Moreover, the number of beads not covered with amplified DNA (empty beads) in the sequencing reaction was reduced from 6.8% in the ‘standard-enriched’ sample to 2.0% in the flow-sorted sample ( Fig. 4a IV). This agrees with our previous findings, that flow cytometric sorting yields samples with higher purity than ‘standard-enrichment’10. Further, an increase in mean read length from 298 bp in the ‘standard-enriched’ sample to 330 bp in the flow-sorted sample ( Fig. 4a V) was obtained. The increase in read length may be due to a combination of two features in the sorted sample; a smaller proportion of empty beads and the fact that highly fluorescent beads were collected (thus carrying a large number of amplified fragments on the surface) leading to stronger signals in the sequencing reaction and (hence) greater numbers of sequencing cycles in which the threshold signal to noise ratio was exceeded.
These findings were supported in the subsequent experiment where the scarce MID1 sample was omitted and MID2, MID4 and MID5 were used. Again, the protocol resulted in equal frequencies of all barcodes, as illustrated in Figure 4b I and a similar pattern of improvement in sequence quality was also observed, however the readlength was slightly lower (283 bp). ( Fig. 4b II–IV).
Discussion
Current next generation sequencing platforms are increasing their sequencing capacity in a steady pace. Consequently, some sequencing units have difficulties making use of the full capacity of individual sequencing runs, which results in samples being over-sequenced beyond the diversity in the initial sequencing library. This has been addressed by the launching of a set of instruments with lower capacity (such as Roche’s GS Junior, Illumina’s MiSeq and Life Technologies’ SOLiD PI and Ion Torrent PGM instrument) that are more directed towards low to medium throughput applications. Yet, another widely used option is to multiplex samples to combine several projects on a common sequencing lane. Hereby optimal use of the sequencing capacity can be achieved and more focus need to be devoted to these multiplexing approaches.

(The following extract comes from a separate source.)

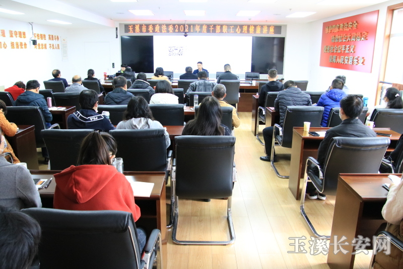 为普及心理健康知识,增强机关干部职工自我心理保健能力,提升身心健康水平,有效缓解工作压力,保持健康积极心态,11月15日,市委政法委机关邀请了玉溪市第二人民医院杨顺英心理健康专家,给机关全体干部职工作了专题心理辅导讲座。
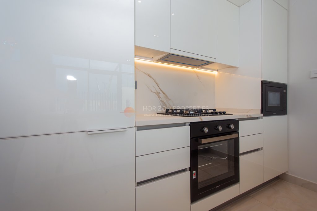 - High-end cabinetry, quality countertops, and integrated appliances.

Here, we report for the first time a strategy to continuously resolve and normalize multiplex products for massively parallel sequencing. By barcode tagging and high-speed flow-sorting we obtained nearly equal distributions of individual libraries starting with a highly biased mixed library. In addition, we also observed a considerable increase in sequence quality in the flow-sorted samples. This is most likely due to the 75% reduction in frequencies of mixed beads and 70% reductions in frequency of empty beads, observed in flow-sorted samples.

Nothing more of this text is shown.